(none) Quintin Stone - Interactive Fiction Review
Interactive Fiction
Role-playing Games

The Orion Agenda

Author: Ryan Weisenberger
Language: z-code
Score: 7

In a somewhat familiar science fiction universe, you, Captain Jon Stark, must somehow avert civil war. And save the galaxy. And also, if there's time, get the girl.

The first thing you may notice when playing The Orion Agenda is the first-person perspective of the game. The intention may have been to make the transcript read like a historical document or a kind of debriefing report. Unfortunately, I feel that it may have acted to restrict my immersion in the game. I never really felt a connection to the character.

The second aspect of the game that you see is that it begins in medias res, and the bulk of The Orion Agenda plays through the events leading up to that beginning point. This particular literary device can be tricky to incorporate into IF; in this case, I managed to get myself killed twice during the "flashback" portion of the game and there was no attempt to resolve the discrepancy.

Third, you will probably come to realize that the "number one rule of SciCorps" sounds an awful lot like Star Trek's Federation prime directive of first contact: no contamination of undeveloped worlds. Some players may hold this against the game. I did not, since it's a concept that surely has been explored outside of Trek (and possibly before Star Trek made the idea well-known). Much of the plot and puzzles are related, at least tangentially, to this rule.

The game incorporated its puzzles into the environment fairly well.

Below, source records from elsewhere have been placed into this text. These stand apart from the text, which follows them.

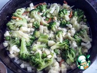 Первым делом я поставила бланшировать овощи. Залила их водой из чайника, теплой, проварила минуты наверно 3-5. И ставим разогреваться духовку до 180 градусов. |
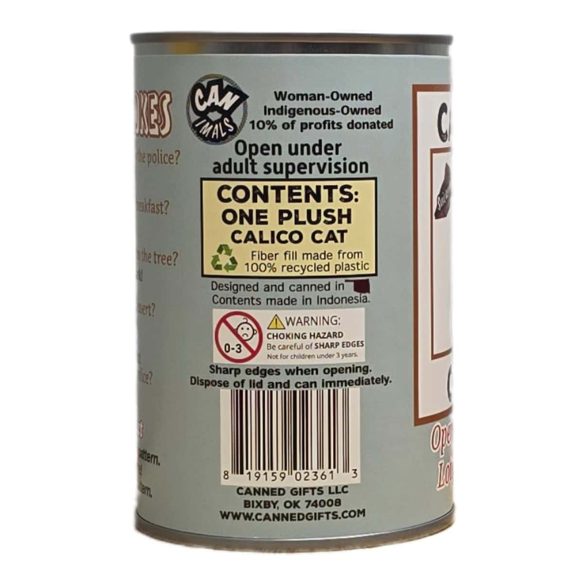 Included is 1 plush calico cat sealed in a can. Use a can opener to open the fun gift or choose a pop top lid
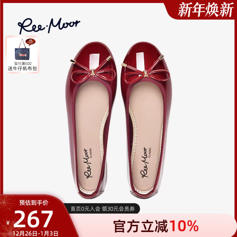 REEMOOR睿慕小红鞋浅口软底蛋卷鞋平底鞋单鞋瓢鞋婚鞋芭蕾鞋女
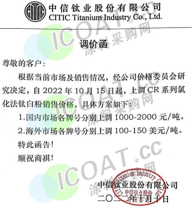 中信鈦業:自2022年10月15日起,國內市場各牌號CR系列氯化法鈦白粉銷售價格上調1000-2000元/噸,海外市場各牌號CR系列氯化法鈦白粉銷售價格上調100-150美元/噸。
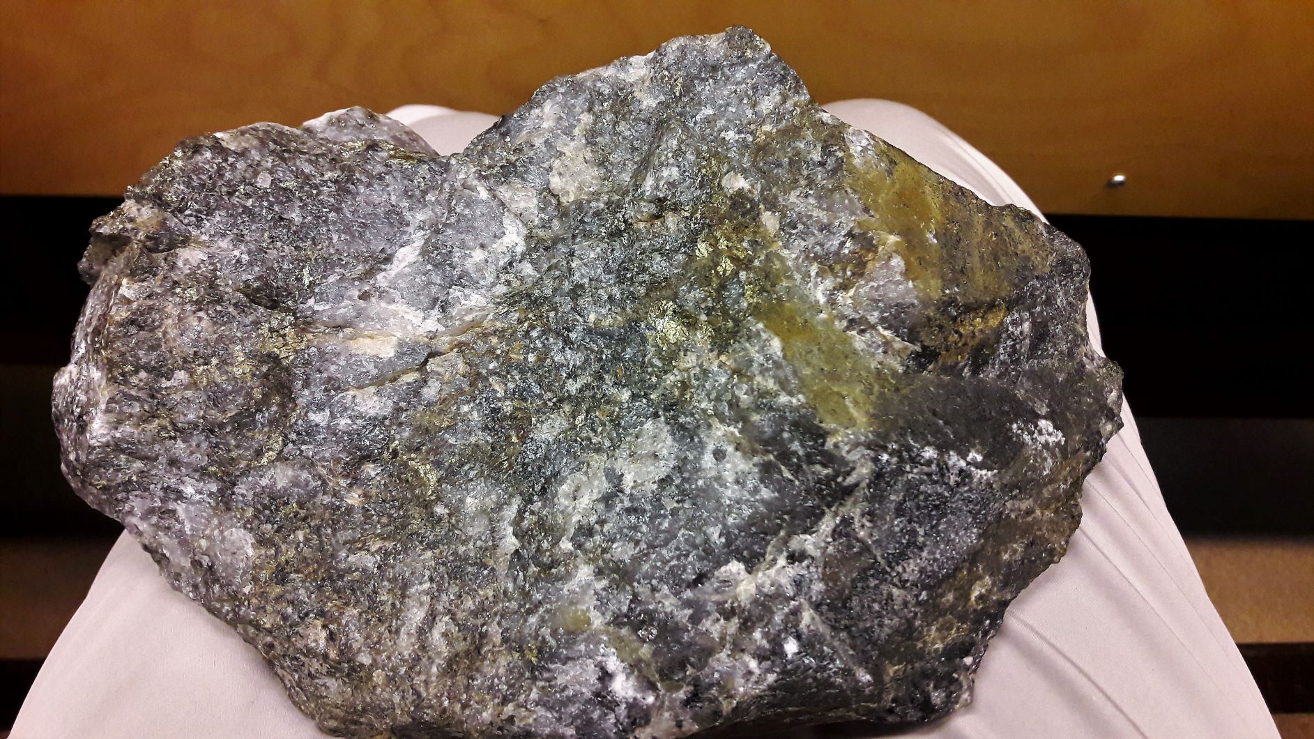 150 vuotta jatkunut kullankaivu Lapin puroilta ja avannut tien myös monen kaivoksen perustamiselle. Tässä näyte Raahen kultakaivoksen kultamalmista Pekka Tuiskun esittelemänä

However, the driving force behind them was pretty transparent, making them partially feel like puzzles for puzzles' sake. And while the descriptions and plot were done well enough, I found a lot of the dialog to fall somewhat flat and unreal. The conversations with the old Orionion (I can't stress enough what a poor choice of species name that is) were particularly jarring, especially with the stream of insults he tossed my way. I suppose he was supposed to seem endearingly grumpy, but writing a character like that is tricky because after a while you start to wonder if the insults are coming from the character or the author.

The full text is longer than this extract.